Age at menarche and menstrual cycle patterns have been investigated in patients with endometriosis, but there is minimal and conflicting information in patients with adenomyosis. Missmer et al (13) found an increased risk of endometriosis in women who were nulliparous, experienced early age at menarche, and had shorter menstrual cycle lengths. Alternatively late menarche (>13 years) conferred a greater risk of endometriosis in smaller case-control studies (3,14). In our study we did not find a consistent pattern of endometriosis risk associated with age at menarche or length of menstrual cycles, which may relate to our hospital discharge-based (vs. self-reported) definition of endometriosis. In the study conducted by Missmer et al., a medical record review of 131 of the 1,766 women reporting endometriosis in their study confirmed the diagnosis for 88.6% of those who reported a laparoscopic diagnosis of their disease, but for only 53.8% of those who did not report surgical confirmation (13).
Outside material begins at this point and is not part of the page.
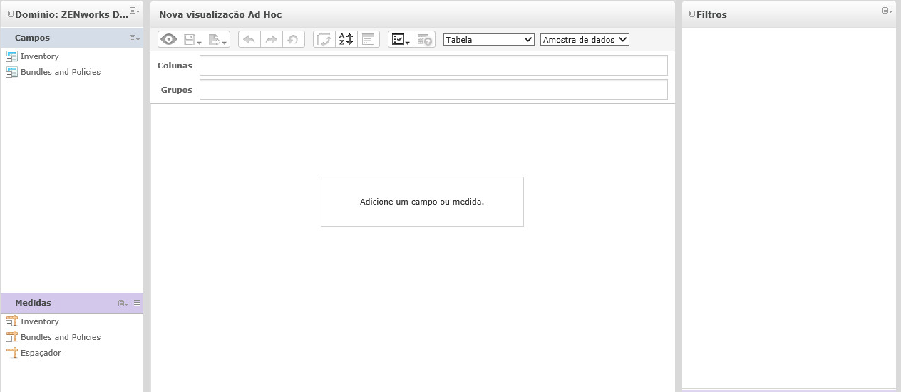 Dependendo da Tela, esses campos têm rótulos e funções diferentes. É possível arrastar e soltar itens de Campos e Measures (Medidas) para a Tela Ad Hoc.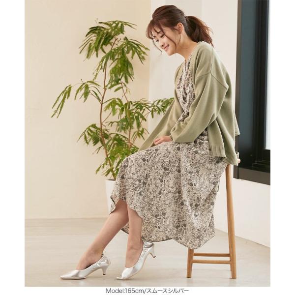 パンプス ヒール ポインテッドトゥ フェミニン ギャザー レザー フェイクレザー レディース シューズ 大...

Vercellini (8) and Parazzini (9) found no association between age at menarche and the diagnosis of adenomyosis made at the time of hysterectomy. However Vavilis (4) found that older age at menarche was associated with the diagnosis. Our findings of early age at menarche and short menstrual cycle length taken together suggest increased exposure to menstrual blood in patients with adenomyosis. This is significant since Takahashi et al (15) have shown that estradiol levels in menstrual blood are higher in patients with adenomyosis than in those with endometriosis or controls. Transcripts for the P450 aromatase protein, important in estrogen metabolism, have also been detected in the endometrium of patients with adenomyosis as well as endometriosis and fibroids (16). This suggests that estrogen metabolism in the endometrium of patients with adenomyosis differs from that in women without this condition resulting in a hyperestrogenic environment that may drive the disease in susceptible patients (17). Consistent with this theory are our results showing that a surgical diagnosis of adenomyosis is more likely to occur among premenopausal and perimenopausal women as well as postmenopausal women who have taken hormone therapy.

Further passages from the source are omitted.